La qualité partenariale des relations des établissements avec leur milieu repose en bout de ligne sur leur capacité à établir des rapports corrects entre les intervenants du CLSC et les acteurs de la communauté. Pour la FCLSCQ, l’approche communautaire permet de ménager, dans le cadre du modèle médical dominant, un espace de singularité dans lequel l’action communautaire occupe une position déterminante (Lachapelle, 1991 ; FLSCQ, 1994). Des intervenantes et intervenants, on s’attend à ce qu’ils respectent et la mission de l'un et la réalité de l'autre. Dans cette approche, les OC sont les intervenants qui présentent le plus haut risque de se trouver au cœur de rapports conflictuels « plus qu'aucune autre profession, l'action communautaire est sur la ligne des conflits potentiels entre l'institution, l'État et les groupes de citoyens. […] La tentation peut être forte de déplacer des intervenants d'un programme à un autre pour répondre à des mandats impératifs et d'encadrer de cette façon des pratiques “à hauts risques politiques” » (Hurtubise, 1989: 52 et 53).
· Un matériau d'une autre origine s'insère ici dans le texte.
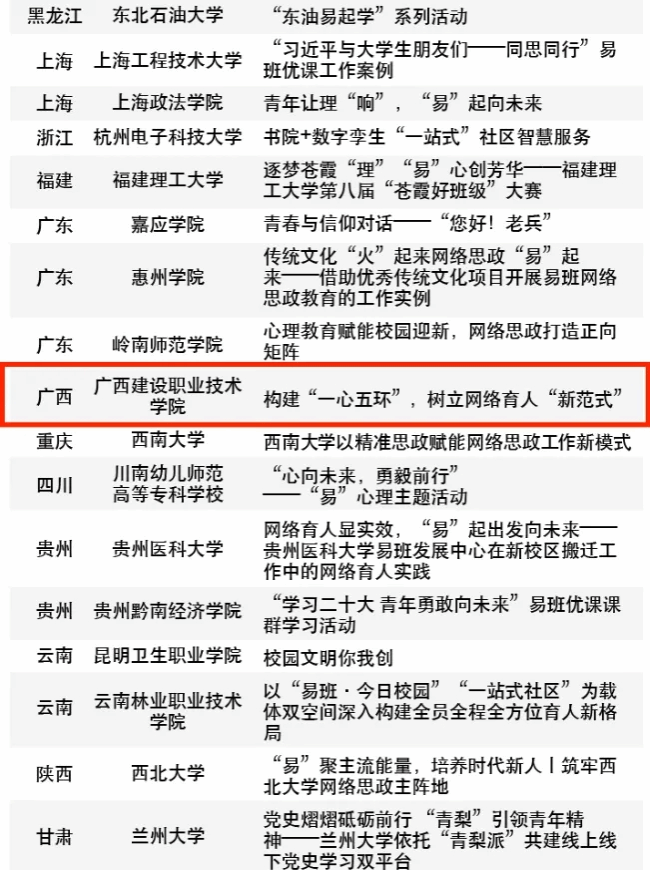 广西建院5月13日讯(党委学生工作部 黄楚凌)5月10日,教育部易班发展中心公布了2023年度全国易班共建优秀名单,首页工作案例《构建“一心五环”,树立网络育人“新范式”》入选2023年度优秀易班共建案例。全区共五所高校入选,首页是入选的广西两所高职院校之一。
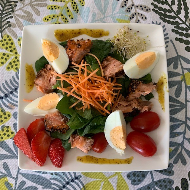 | salade van wortel, rode biet, bulgur en gerookte zalm | 48 |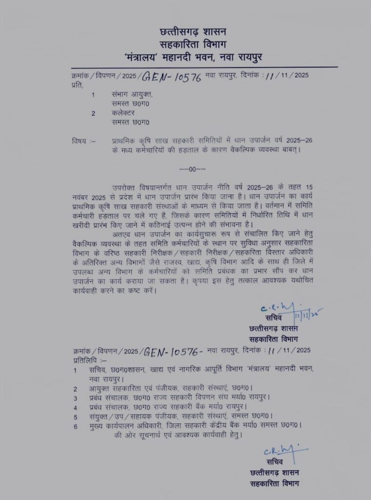 सारंगढ़ । धान उपार्जन वर्ष 2025 -26 की प्रक्रिया 15 नवम्बर से प्रदेशभर में प्रारंभ की जानी है , धान उपार्जन का कार्य प्राथमिक कृषि साख सहकारी संस्थाओं के माध्यम से किया जाता है ।वर्तमान में समिति कर्मचारी अपने चार सूत्रीय मांगों को लेकर हड़ताल पर चले गए हैं जिसके कारण समितियां में निर्धारित तिथि में धान खरीदी प्रारंभ किए जाने में कठिनाइयां उत्पन्न होने की संभावना है । कर्मचारियों के हड़ताल पर जाने से धान खरीदी कार्य में व्यवधान उत्पन्न होने की संभावना है । इस परिस्थिति को देखते हुए छग शासन के सहकारिता विभाग ने वैकल्पिक व्यवस्था लागू करने के निर्देश जारी किए हैं ।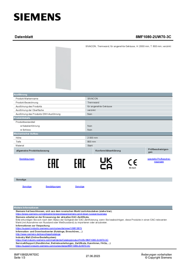 Ścianka działowa Siemens 8MF1080-2UW70-3C 1 szt.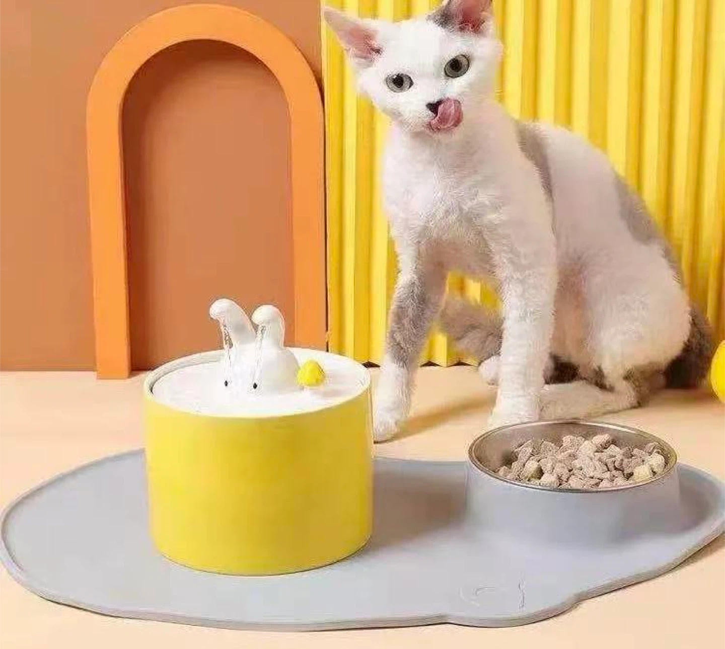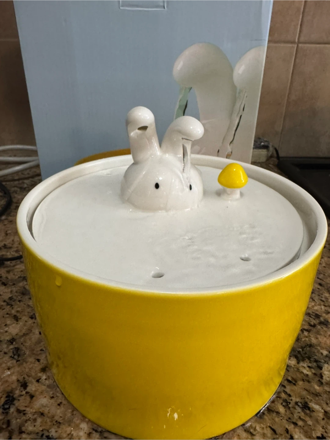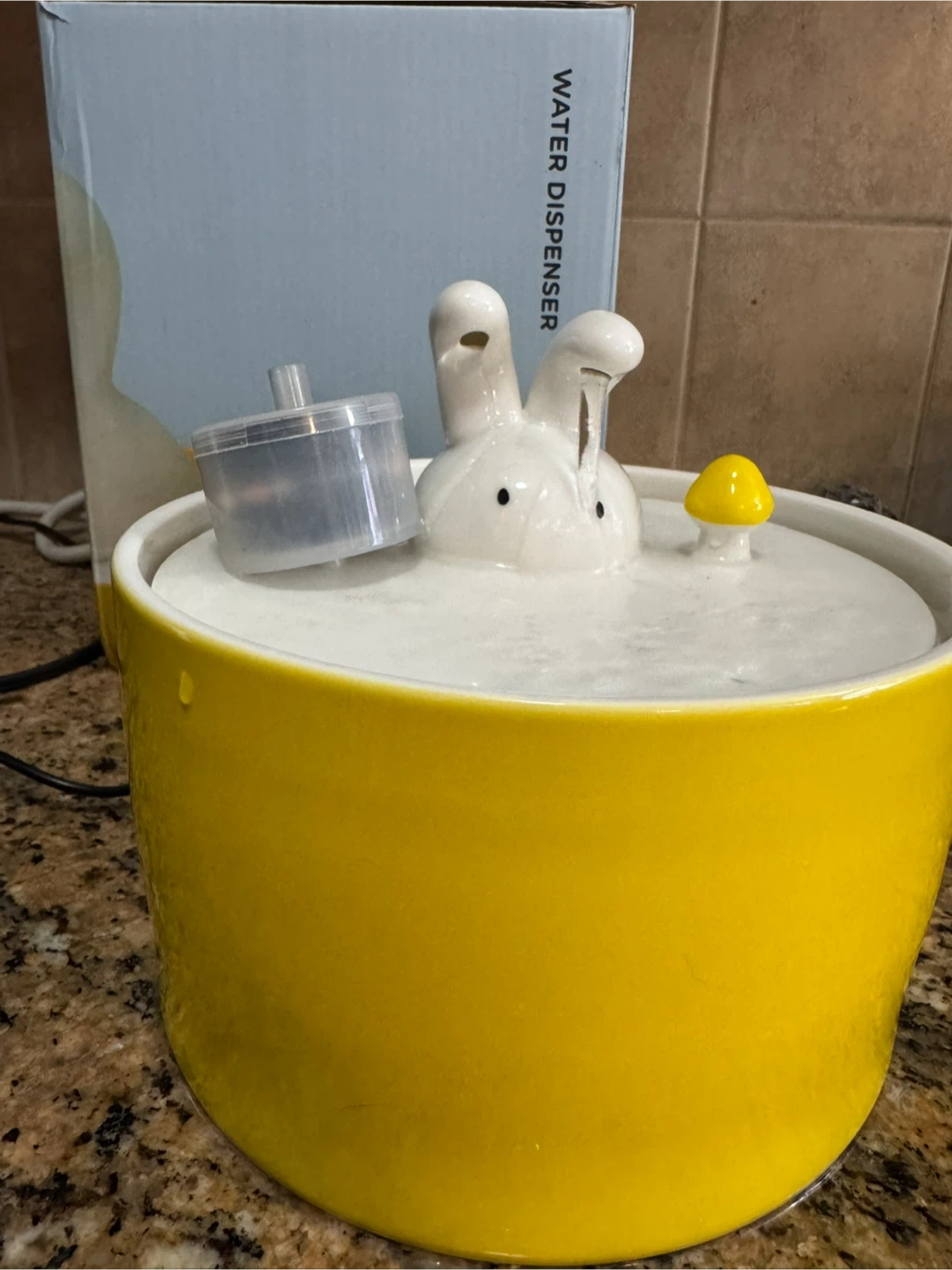 60BRAND NEW pet water dispenser. Come with 3 free filter!! Keep your furry friend hydrated with this adorable yellow ceramic pet water fountain! The design features a cute bunny and mushroom detail, encouraging your pet to drink more water. It's ready to find a new home!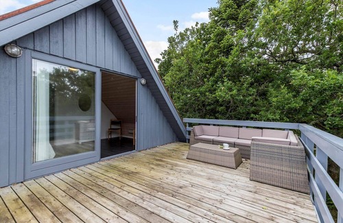 this spacious holiday apartment in fjellerup strand, east jutland, offers a comfortable retreat for up to 10 adults and 2 pets Covering 198 m² on a generous 1,211 m² property, it features five bedrooms with four double beds, two single beds, and two children's beds, ensuring ample sleeping arrangements for families.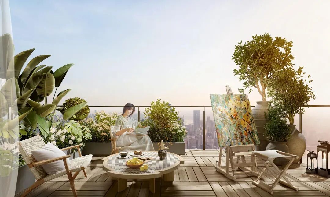 约6米挑高空中花园,构筑约18㎡敞阔空间,匹配客户需求可联动空间形成多元场景定制。南向露台户型连通客厅可打造空中花园,形成家的第二会客厅;北向露台户型连通餐厨空间,可打造成花园餐吧。在这里,休闲观景、户外烧烤,娱乐桌游......一边享受着微风与花香,一边感受着生活的美好与宁静。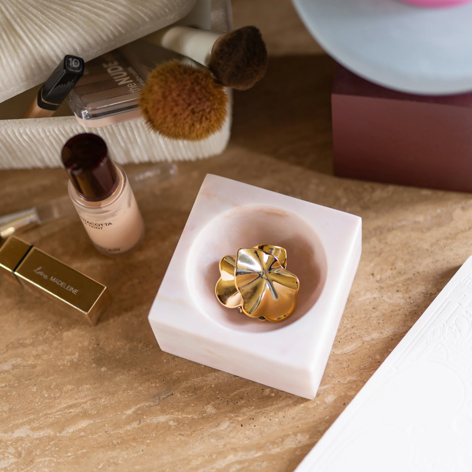 Unsere Pink Marble Block Bowl verbindet mühelos Luxus und Funktionalität. Sie ist die perfekte Schlüsselschale für Ihren Flurschrank oder eine elegante Lösung zur Aufbewahrung Ihres Schmucks und Ihrer Kleinigkeiten auf Ihrem Schminktisch.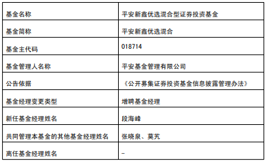 中国经济网北京2月24日讯 近日,平安基金公告,平安新鑫优选混合增聘段海峰。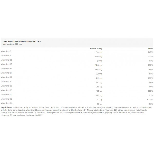 Ingredientes: ácido L-ascórbico Quali®-C (vitamina C), EVNol tocotrienol tocoferol (vitamina E), niacinamida (vitamina B3), D-pantotenato de cálcio (vitamina B5), cloridrato de piridoxina (vitamina B6), mononitrato de tiamina (vitamina B1), riboflavina 5' - fosfato de sódio (vitamina B2), cápsula transparente (gelatina de bovino), acetato de retinilo (vitamina A), Metafolin L-metil folato de cálcio (vitamina B9), D-biotina (vitamina B8), filoquinona (vitamina K1), colecalciferol (vitamina D), cianocobalamina (vitamina B12).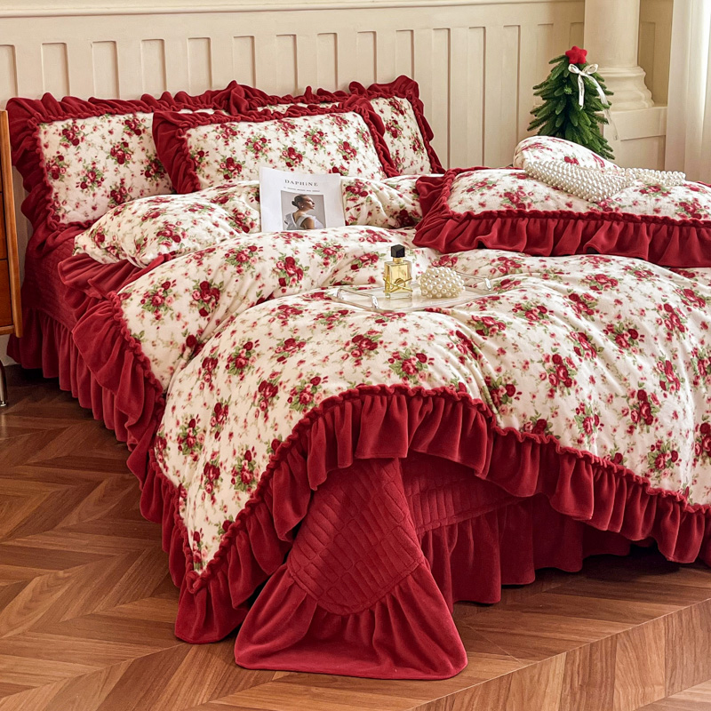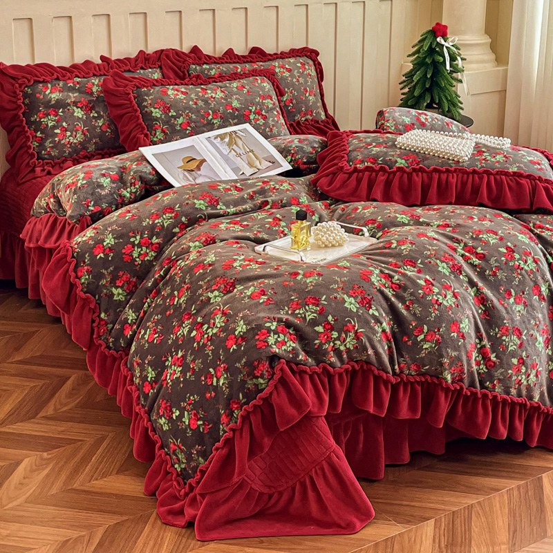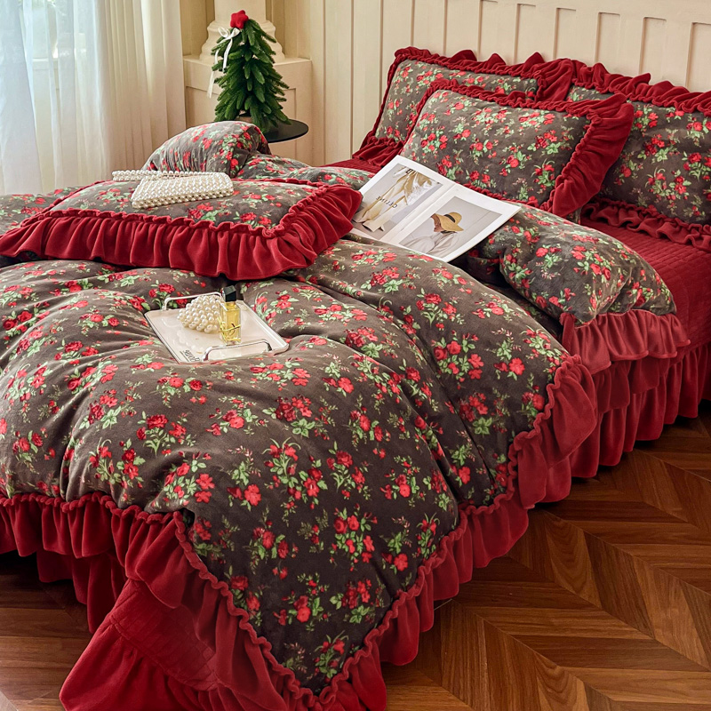 商品名称:尚美 2025新款法式复古风大花边绒床盖被套四件套(花边随机) 复古风格调灰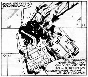 - Major characters (in order of appearance): Bombshell, Kickback, Shrapnel and Starscream.
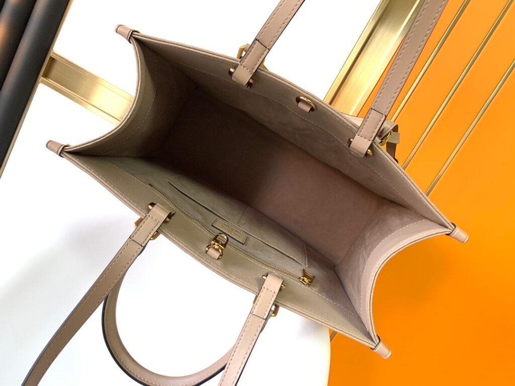 しっかりと荷物が入るトートバッグはカジュアルな印象を与えがちですが、エレガントな存在感を放つオンザゴーならそんな心配もご無用。デイリースタイルのクラスアップアイテムとしてもオススメです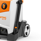 Díky robustní a vysoké teleskopické rukojeti, umístěné na zadní straně přístroje je možné tlakový čistič STIHL komfortně transportovat nebo uskladnit s úsporou místa.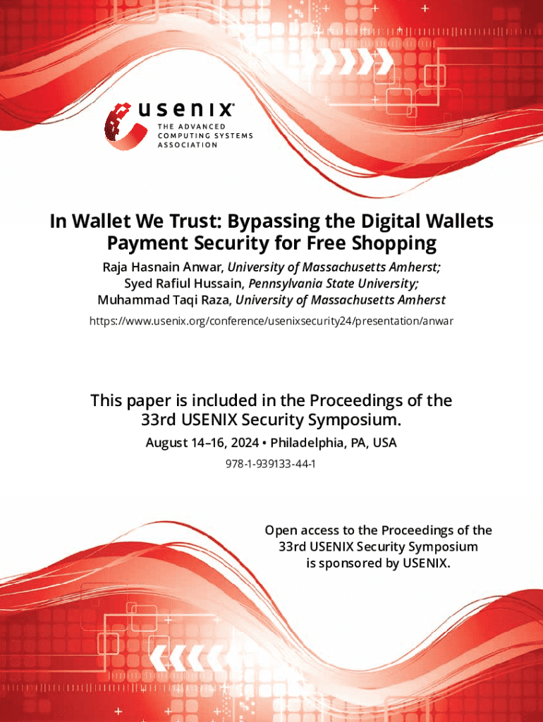 In Wallet We Trust: Bypassing the Digital Wallets Payment Security for Free Shopping Raja Hasnain Anwar, University of Massachusetts Amherst; Syed Rafiul Hussain, Pennsylvania State University; Muhammad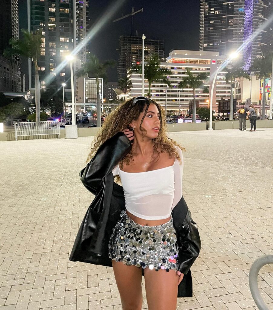 The addition of a sleek black leather jacket draped over the shoulders adds a cool, edgy vibe. With subtle accessories and natural curls completing the look, this outfit is perfect for making a dazzling entrance and standing out all night long.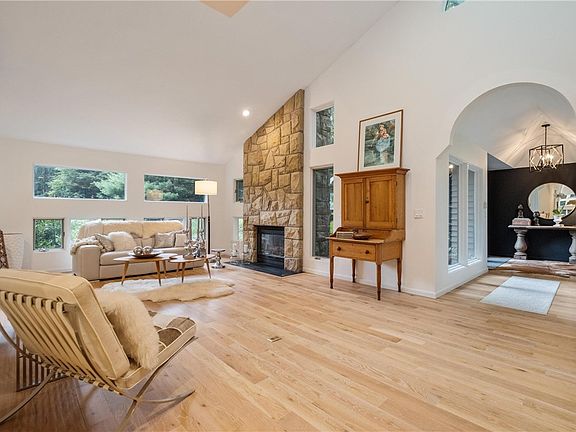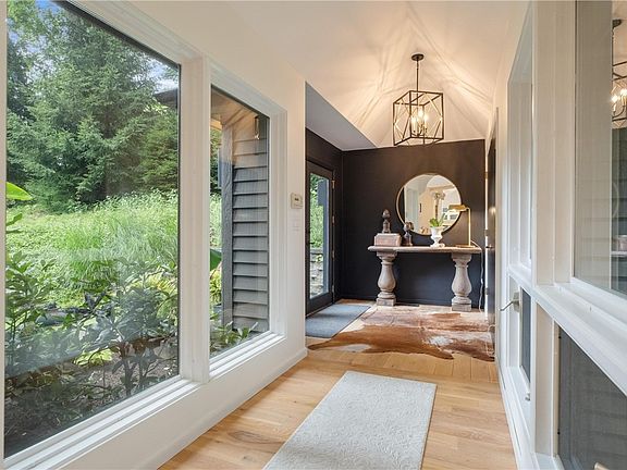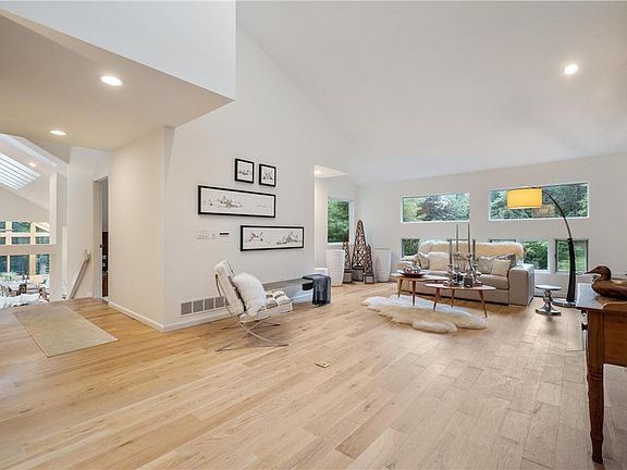 The epitome of luxury and tranquility in this stunning multi-level contemporary home. This 4BR 4.5 Bath home is nestled on a private 1.39 acre lot in Marshall Woods. Its open and seamless floorplan allows for a complete indoor-outdoor experience. Breathtaking views from your wrap around deck with clear panels allowing for an unobstructed view of nature. As soon as you step into the grand living space you are enveloped in endless natural light through your vaulted ceilings and all glass atrium making it the perfect place to unwind or entertain. Two primary suites are offered allowing great versatility. The warmth of the white oak flooring and the whole house Bang & Olufsen sound system offer a retreat like feel without ever leaving your home. The eat in kitchen has a double-sided FP and gorgeous granite throughout. Enjoy family gatherings in your finished lower level. This home offers the perfect blend of luxury, privacy and natural beauty throughout.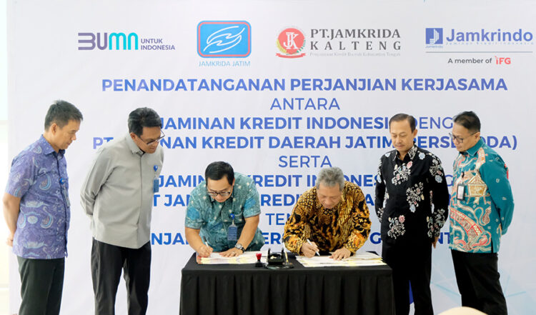 Jakarta, Kabarkansaja.id – Direktur Kelembagaan dan Layanan Jamkrindo Abdul Bari, Direktur Utama Jamkrida Jatim Untung Heri Sukariyanto, Direktur Penjaminan Jamkrida Jatim Sugeng, Direktur Utama Jamkrida Kalteng Eko Multazam disakikan Direktur Bisnis Penjaminan Jamkrindo Henry Panjaitan serta Ketua Asosiasi Perusahaan Penjaminan Indonesia (Asippindo) Ivan Soeparno saat penandatanganan Perjanjian Kerja Sama (PKS) Penjaminan Bersama atau Co-Guarantee Jamkrindo dengan PT Penjaminan Kredit Daerah Jatim (Perseroda) dan PT Penjaminan Kredit Daerah Kalteng di Jakarta, Kamis (23/1/2025).
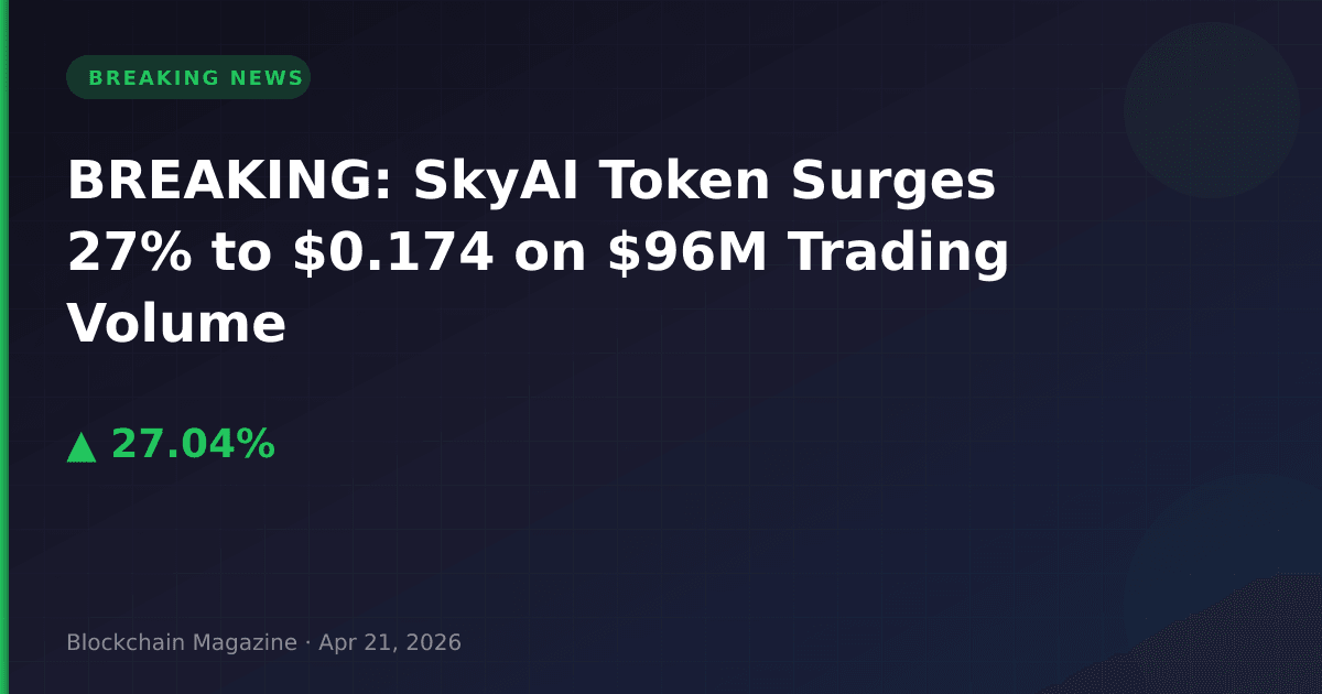 SkyAI (SKYAI) has experienced a dramatic surge of 27.04% in the past 24 hours, trading at $0.173963 as of April 21, 2026, according to live market data. The AI-focused cryptocurrency has climbed from a 24-hour low of $0.107141 to reach an intraday high of $0.185726.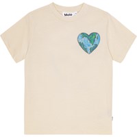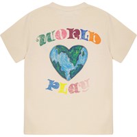 Off-white T-shirt i ekologisk bomull med korta ärmar, rund hals och ribbstickad kant. Den har en normal passform, ett främre tryck av jorden formad som ett hjärta och samma design på baksidan med en flerfärgad text som säger "World Play".
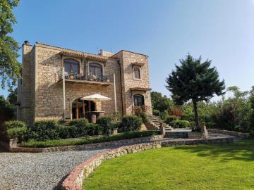 This castle villa is hidden above the quaint village of Kastellos, offers spectacular views to the Countryside, Mountains and the Sea.
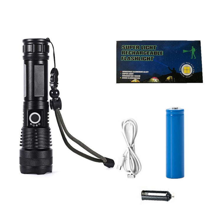 Customized XHP50 strong light flashlight USB rechargeable aluminum alloy flashlight, outdoor telescopic zoom waterproof flashlight

Au terme de la première époque des CLSC, l’organisation communautaire est donc perçue comme une pratique de frontière : à la fois en institution relevant de l’État et en rapport avec des groupes représentant des intérêts citoyens, les OC exercent des fonctions politiques, ordinairement réservées à la direction de l’institution, sur des terrains qui débordent largement les enjeux d’organisation des services sociaux et de santé. Cet enjeu de confiner l’organisation communautaire aux programmes de santé sera l’une des questions abordées dans le rapport du comité présidé par le Dr. Jacques Brunet (1987) mandaté par la ministre des Affaires sociales pour évaluer les CLSC.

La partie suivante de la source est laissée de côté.